There is a long list of blames for the reason these encampments are seen in basically every city. It began with the opioid crisis and bad tenants, soft government and the tanking values of commercial properties sending investors into the residential markets. With the growing number of short term rentals catering to tourism and nomad workers, such as those who can work from home or anywhere, has contributed tremendously to this crisis. As I travel around my own metro area and witness the growing suburban landscape stretching out beyond the farthest suburbs, Urban Sprawl. I notice the mega apartment buildings, townhome communities and new neighborhoods of single family homes all have one thing in common for these new home owners, Home Owner Associations, (HOA’s)

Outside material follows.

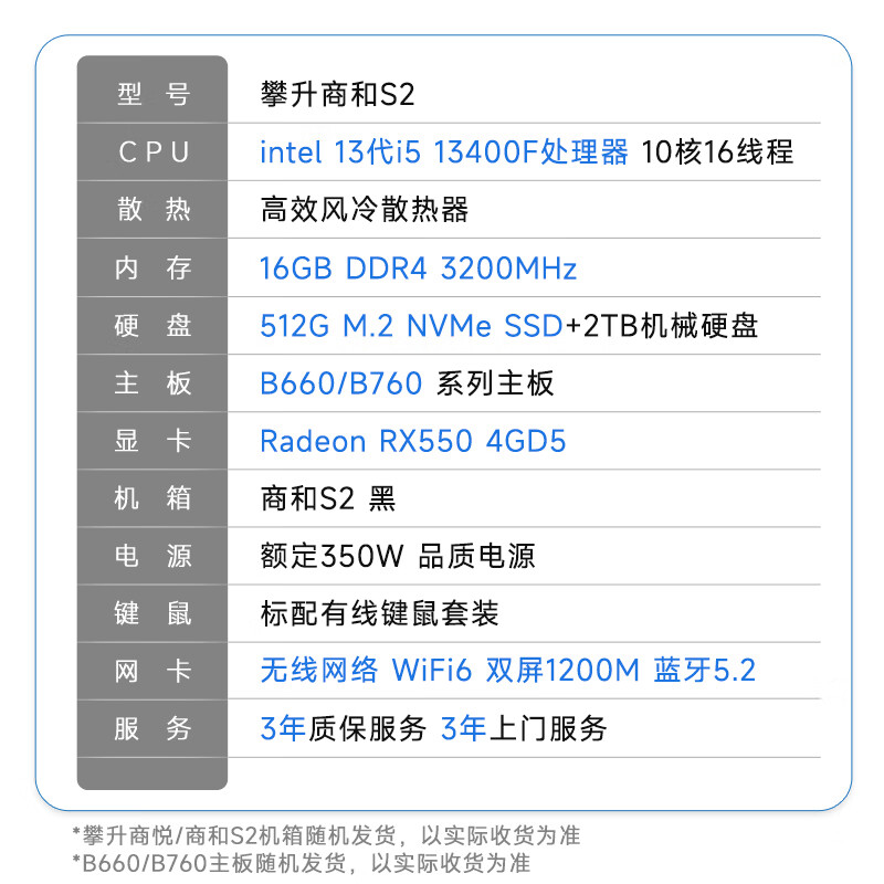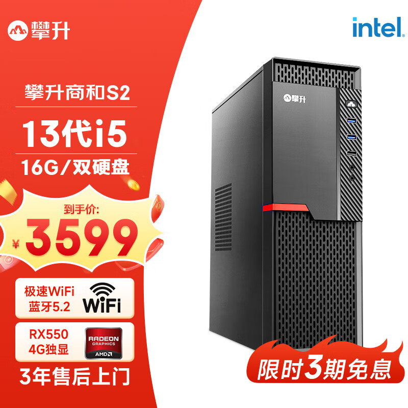 攀升商和S2 设计师办公商用台式电脑(13代i5-13400F 16G 512G+2T 4G独显 WiFi6)单主机全套diy组装机价格:3899.00元!

All HOA’s charges each family a monthly fee on top of their mortgage payments. This fee can be low or high and is often increased over time. Most people are convinced these HOA’s are in place to protect the homeowner’s home values and keep the neighborhood nice, but they’re really dictating conformity and ousting diversity and individualism. I lived in a coop and we too had rules to prevent problems, the rules were simple and made sense. Though we were all renters at the time we tenants were allowed to plant gardens front and back, allow our visitors to park in front on the street or in our driveway or a designated spot in a lot, and we were allowed to paint our property in colors of our own choosing, etc. HOA’s dictate everything you do and I find them extremely intrusive. HOA’s usually have a management company of sorts handling the money collected and leaving homeowners with next to nothing in return. In a coop, there too was a management company, but members also managed the properties and there was a process for complaints when another member broke the rules and disturbed other people. Everyone had a right to see the books, what is in the bank and what the money was spent on. We got whatever we were paying for. No one is allowed to impose on another neighbor their own “standards”, such as is a common thing in HOA’s. However too many people believe that the coop concept is communist!

A homeowners coop could easily offer affordable homeownership and eliminate the management company and all other middlemen. Coop members manage the properties themselves through various committees. They could eliminate the HOA fees but ask homeowners to pitch in or volunteer in the upkeep of common property, maybe require a small fee to keep in trust for expenses of common areas. Form workshops that offer classes on “do it yourself” home maintenance and more. Create community gardens that grow produce and anything else to benefit members. The ideas are endless.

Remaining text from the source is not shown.